Chemical and genetic screens are workhorses in modern drug discovery but frequently suffer from poor (1%–3%) hit rates (Roses, 2008). Such low hit rates often underpower the bioinformatic analyses used for causal inference because of limitations in biological information content. Experimentally validated network models possess the potential to expand the biological information content of sparse screening data; however, biological screening experiments are typically performed independently from network modeling activities, limiting subsequent analyses to either post hoc bioinformatic enrichment from screening hits or experimental validation of existing models. Therefore, there is a need to develop biological discovery approaches that integrate biochemical screens with network modeling and advanced data analysis techniques to enhance our understanding of complex drug mechanisms (Camacho et al., 2018, Wainberg et al., 2018, Xie et al., 2017). Here we develop one such approach and apply it to understanding antibiotic mechanisms of action.

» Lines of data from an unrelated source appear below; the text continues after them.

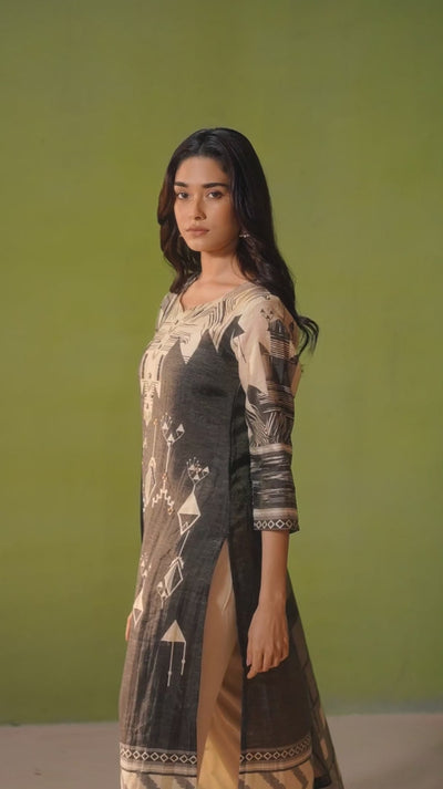 Immerse yourself in effortless luxury with this Black Shimmer Linen Digital Print Set, where artistry meets understated glamour. The linen kurti, adorned with exquisite handwork detailing, reflects timeless sophistication, while the contrast viscose bottom adds a refined edge. Completing the ensemble, a digital print linen dupatta drapes gracefully, a perfect harmony of texture, sheen, and elegance.
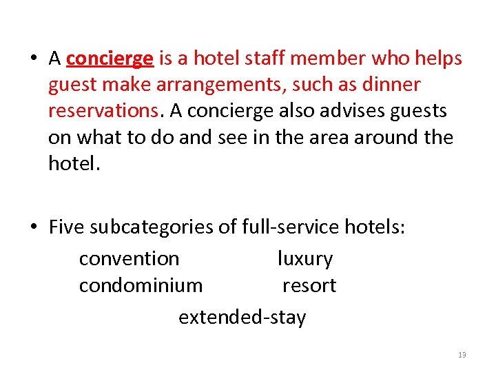 • A concierge is a hotel staff member who helps guest make arrangements, such as dinner reservations. A concierge also advises guests on what to do and see in the area around the hotel. • Five subcategories of full-service hotels: convention luxury condominium resort extended-stay 13
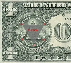 - Que os Estados Unidos foram fundados por maçons e entrelaçaram símbolos maçons na sociedade americana, especialmente em selos nacionais, nas ruas de Washington DC, na arquitetura, bem como no dólar.[32][33][34][35]
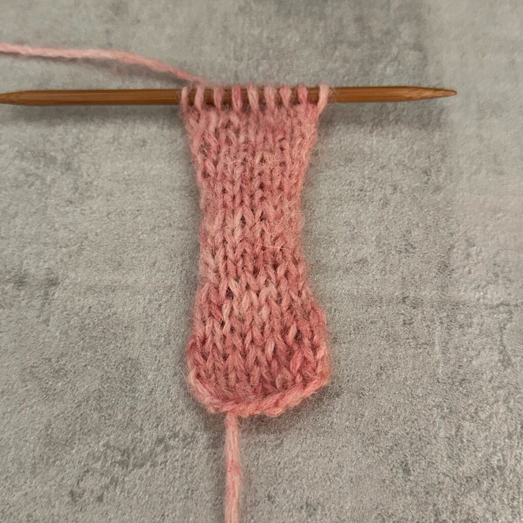 Nimm die 11 stillgelegten M wieder auf die Nadel und setze den Faden neu an um zuerst eine RückR zu str wie folgt:
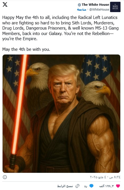 لا يزال الرئيس الأمريكي دونالد ترامب يثير حالة الجدل والسخرية ليس فقط على المستوى السياسي ولكن من خلال تصرفاته وتدويناته ونشره لصور خاصة له يتم تركيبها من خلال الذكاء الاصطناعي كظهوره مرة بشخصية "الملك ترامب"، وقبل عدة أيام يظهر في زي بابا الفاتيكان ، واليوم ظهر في صورة مفتول العضلات مستوحاة من سلسلة "حرب النجوم" الشهيرة شاهرًا “السيف الأحمر” الذي يرمز في السلسلة إلى الجانب المظلم أو الأشرار، والأزمة الأكبر أن من ينشر تلك الصور الساخرة هو حساب البيت الأبيض على منصة «إكس».
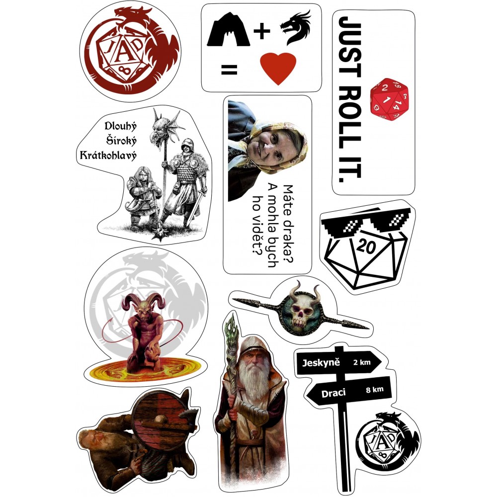 Sada barevných samolepek pro vaši nejoblíbenější českou hru na hrdiny – Jeskyně a draci. Chcete si ozdobit osobní deník nebo kartu družiny? Vylepšit si pravidla nebo herní příslušenství? Nebo jen někam přidat logo Jeskyní a draků? S těmito nálepkami máte jedinečnou možnost! Navíc jsme také přidali pár vtipných nálepek. Zábava totiž ke hrám na hrdiny neodmyslitelně patří. Ukažte nám, jak se vám povedlo nálepky využít. A klidně nám přidejte i vlastní návrhy.
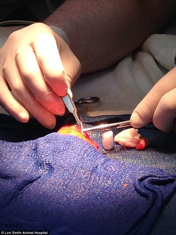 據《每日郵報》2014年9月15日報道,澳大利亞Lort Smith動物醫院提供的圖片顯示,醫生正在給一條10歲的金魚做腦瘤手術。這條金魚名為George。主刀醫生Tristan Rich描述這一長達45分鐘的手術是高難度的,金魚一直服用著含有麻醉的水。(網頁截圖)

Machine learning aims to generate predictive models from sets of training data; such activities are typically comprised of three parts: input data, output data, and the predictive model trained to compute output data from input data (Figure 1A; Camacho et al., 2018). Although modern machine learning methods can assemble high-fidelity input-output associations from training data, the functions comprising the resulting trained models often do not possess tangible biochemical analogs, rendering them mechanistically uninterpretable. Consequently, predictive models generated by such (black-box) machine learning activities are unable to provide direct mechanistic insights into how biological molecules are interacting to give rise to observed phenomena. To address this limitation, we developed a white-box machine learning approach, leveraging carefully curated biological network models to mechanistically link input and output data (Yu et al., 2018b).

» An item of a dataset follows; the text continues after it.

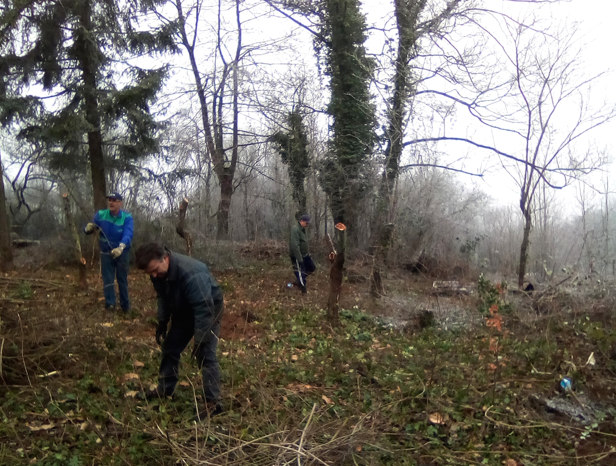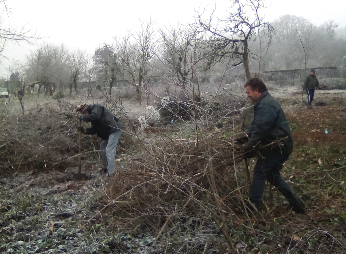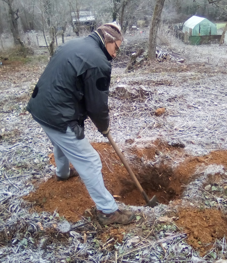 En décembre 2020, les 12 pommiers plantés en février dernier se portent bien. Le verger est régulièrement entretenu : 3 fauchages, binage autour des arbustes, apport de BRF et fumier décomposé d’âne (Ceux de l’Avant Garde). Un espace compost a été ajouté au verger.
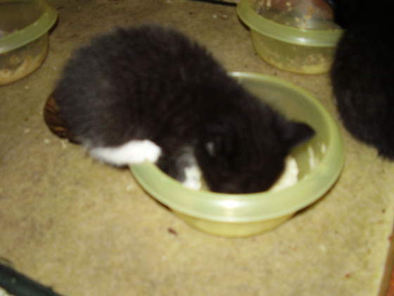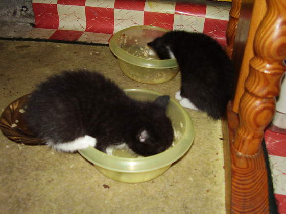 a to są moje niuńcie-maluńcie. pluszaczki moje. już ładnie jedzą kaszkę, są żywe, gonią się i wogóle, no i moim aparatem idzie im zrobić zdjęcia, bo mam stabilizację, a Bambucza nie miała. wczoraj im poklikałam zdjęcia. jeszcze jakieś porobię, a zwłaszcza po tygodniu naszej nieobecności, bo pewnie podrosną jak na drożdżach. łobuziaki kochane. gospodarz nam je będzie karmił- już tak robił. kochany facet. nagotuję im kaszki, co nie będą na samej karmie. Pan Henio ją sobie da do lodówki i też im będzie dawał. bo one lubia kaszkę.

h/t Anne Trafton of MIT News, “Painting a Fuller Picture of How Antibiotics Act”:

Markus Covert, an associate professor of bioengineering at Stanford University, says the study is an important step toward showing that machine learning can be used to uncover the biological mechanisms that link inputs and outputs.

“Biology, especially for medical applications, is all about mechanism,” says Covert, who was not involved in the research. “You want to find something that is druggable. For the typical biologist, it hasn’t been meaningful to find these kinds of links without knowing why the inputs and outputs are linked.”

An engine of discovery

from the preface to Cell Biology by the Numbers, Ron Milo and Rob Phillips:

One of the great traditions in biology’s more quantitative partner sciences such as chemistry and physics is the value placed on centralized, curated quantitative data. Whether thinking about the astronomical data that describes the motions of planets or the thermal and electrical conductivities of materials, the numbers themselves are a central part of the factual and conceptual backdrop for these fields.  Indeed, often the act of trying to explain why numbers have the values they do ends up being an engine of discovery.